Crowned "The most beautiful Italian woman in Tunis", the prize was a trip to the Venice film festival where she immediately turned heads and reluctantly, turned her back on her plans to become a teacher.
"All the directors and producers wanted me to make films, and I said, 'No, I don't want to!' she said.
It was her father who eventually convinced her to "give this cinema thing a go".
As she started to land small film roles, she was raped.
A mentor convinced her to secretly give birth in London and entrust the child to her family.
Claudia Cardinale poses during a photocall of the Med Film festival in Rome
Patrick would officially be her younger brother until she revealed the truth seven years later.
"I was forced to accept this lie to avoid a scandal and protect my career," she said.
Fairytale
From then there was no looking back, as she became swept up into the golden age of Italian cinema, even though she knew "not a word" of the language, speaking only French, Arabic and her parents' Sicilian dialect.
At 20 "I became the heroine of a fairytale, the symbol of a country whose language I barely spoke," she wrote in her 2005 autobiography "My Stars."
Her voice had to be dubbed in Italian until she starred in Fellini's Oscar-winning "8 1/2" in 1963, when the star director insisted she use her own voice.
That year, aged 25, Cardinale filmed both Visconti's epic period drama "The Leopard" and Fellini's surrealist hit "8 1/2" at the same time.
"Visconti wanted me brunette with long hair.
Fellini wanted me blonde," she said.
Critics called her the "embodiment of postwar European glamour", and she was was packaged as such, both on screen and off.
"It's almost like she had sexiness thrust upon her," Britain's The Guardian wrote in 2013.
Claudia Cardinale and French actor Alain Delon arrive for the screening of "Il Gattopardpo" (Le Guepard / The Leopard) presented during a special screening at the 63rd Cannes Film Festival in Cannes.
Embraced by Hollywood, where she refused to settle, Cardinale had a huge hit with Blake Edwards' "The Pink Panther" with Peter Sellers, then Henry Hathaway's "Circus World" with Rita Hayworth and John Wayne.
"The best compliment I ever got was from actor David Niven while filming 'The Pink Panther'," Cardinale recalled.
He said: "Claudia, along with spaghetti, you're Italy's greatest invention."
Refusing to have cosmetic surgery, she went on to perform into her 80s, including in "La Strana Coppia", a female version of Neil Simon's "The Odd Couple" at the Teatro Augusteo in Naples.
Only love
Although desired by many, she said her "only love" was the blue-eye Neapolitan director Pasquale Squitieri, father to her daughter Claudia with whom she worked on a series of films over four decades until his death in 2017.
Italian actress Claudia Cardinale poses at the Museum in Tours.

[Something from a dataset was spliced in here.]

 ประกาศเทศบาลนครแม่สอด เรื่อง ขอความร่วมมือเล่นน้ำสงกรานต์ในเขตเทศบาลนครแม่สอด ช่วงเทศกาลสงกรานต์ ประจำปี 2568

Photos: AFP
Her decades-long career has seen her star in 175 films and both the Venice and Berlin festivals awarded her honorary prizes.

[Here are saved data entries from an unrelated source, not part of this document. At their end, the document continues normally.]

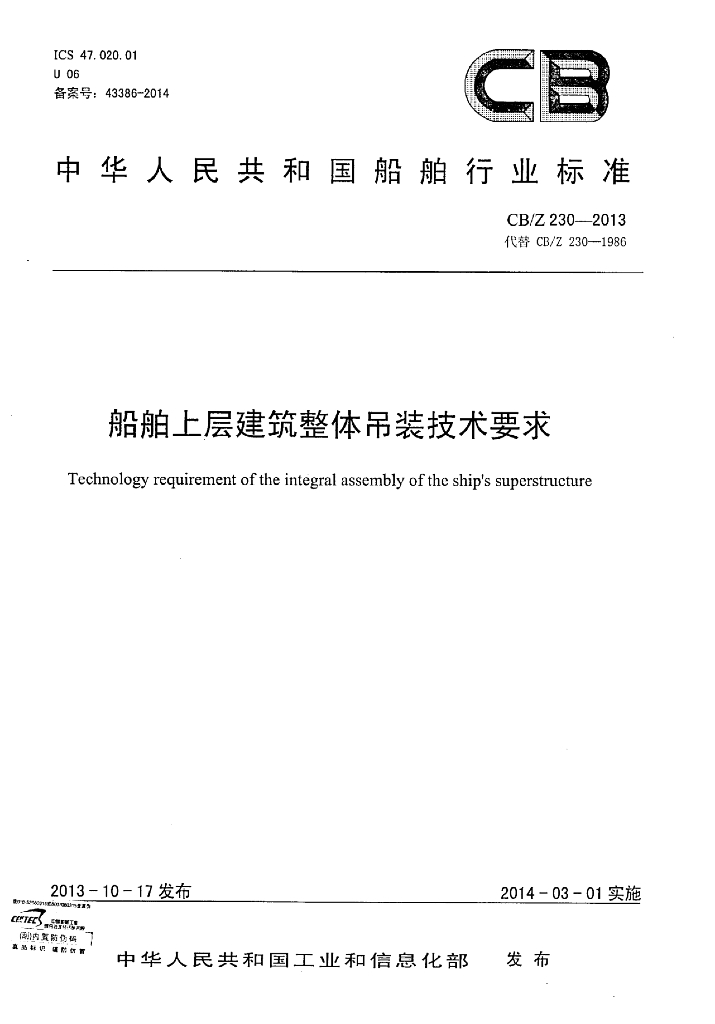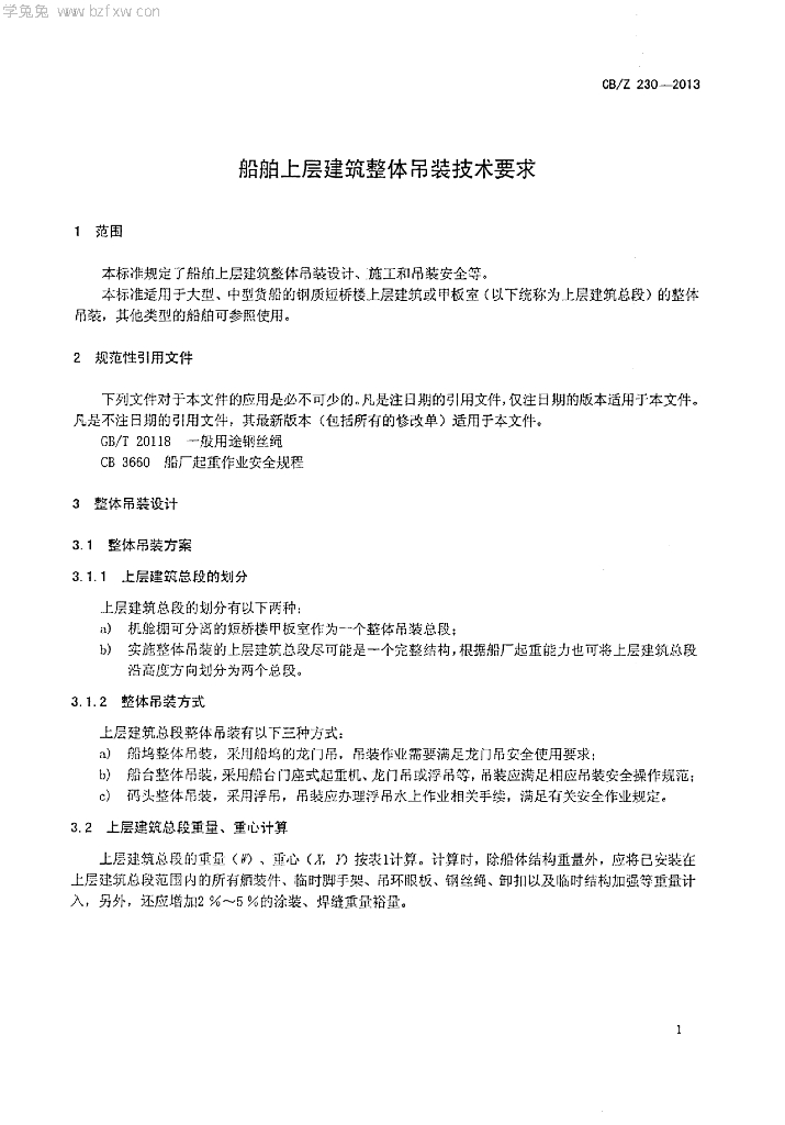 CB/Z 230-2013 船舶上层建筑整体吊装技术要求
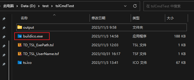 输入:tsl --buildexe=TD_TSL_ExePath.tsl --output=buildico.exe --buildico=ts.ico
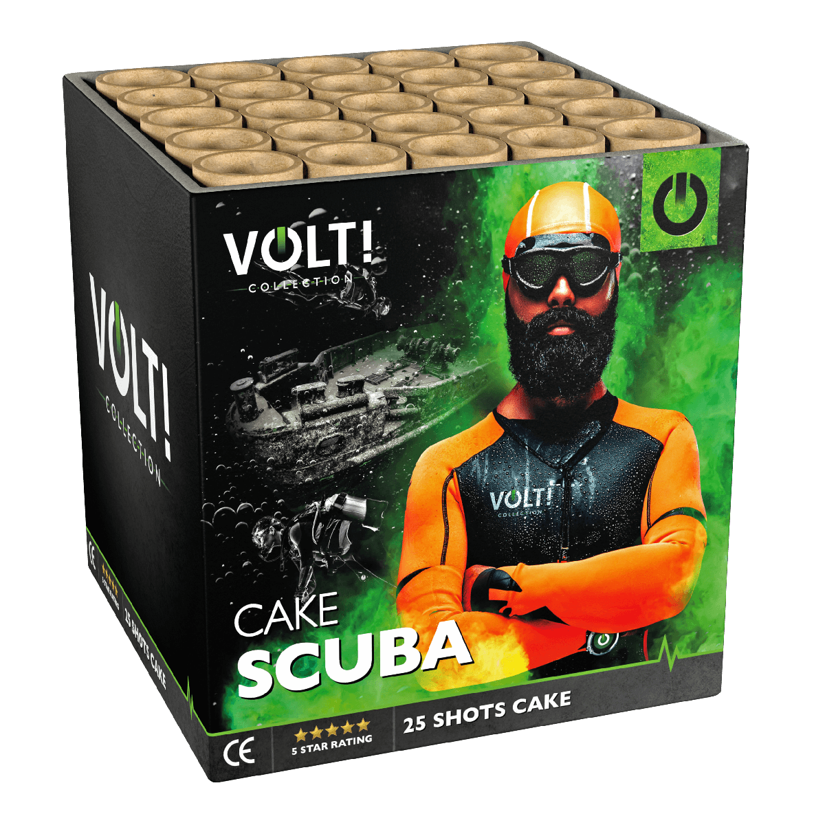 Duik onder in de wondere wereld van top vuurwerk. Deze Scuba van VOLT! is adembenemend lekker. Dikke tubes schieten omhoog en ondertussen zie je gouden, kronkelende staarten die wel van een giga-diepzee-octopus lijken. Die exploderen vervolgens in een oceaan van blinkers en gekleurde dahlia's. Tegen de diepzwarte achtergrond van de nachtelijke lucht lijken dit wel levende fluoriserende organismes uit de diepe zee. Echt Massive!

In 2017 she featured on the official poster of the Cannes film festival amid an outcry that her thighs had been airbrushed to make the seem thinner.
A staunch defender of women's rights, she was named UNESCO Goodwill Ambassador in 2000 in recognition of her commitment to the cause of women and girls.
"I've had a of luck.
This job has given me a multitude of lives, and the possibility of putting my fame at the service of many causes," she said.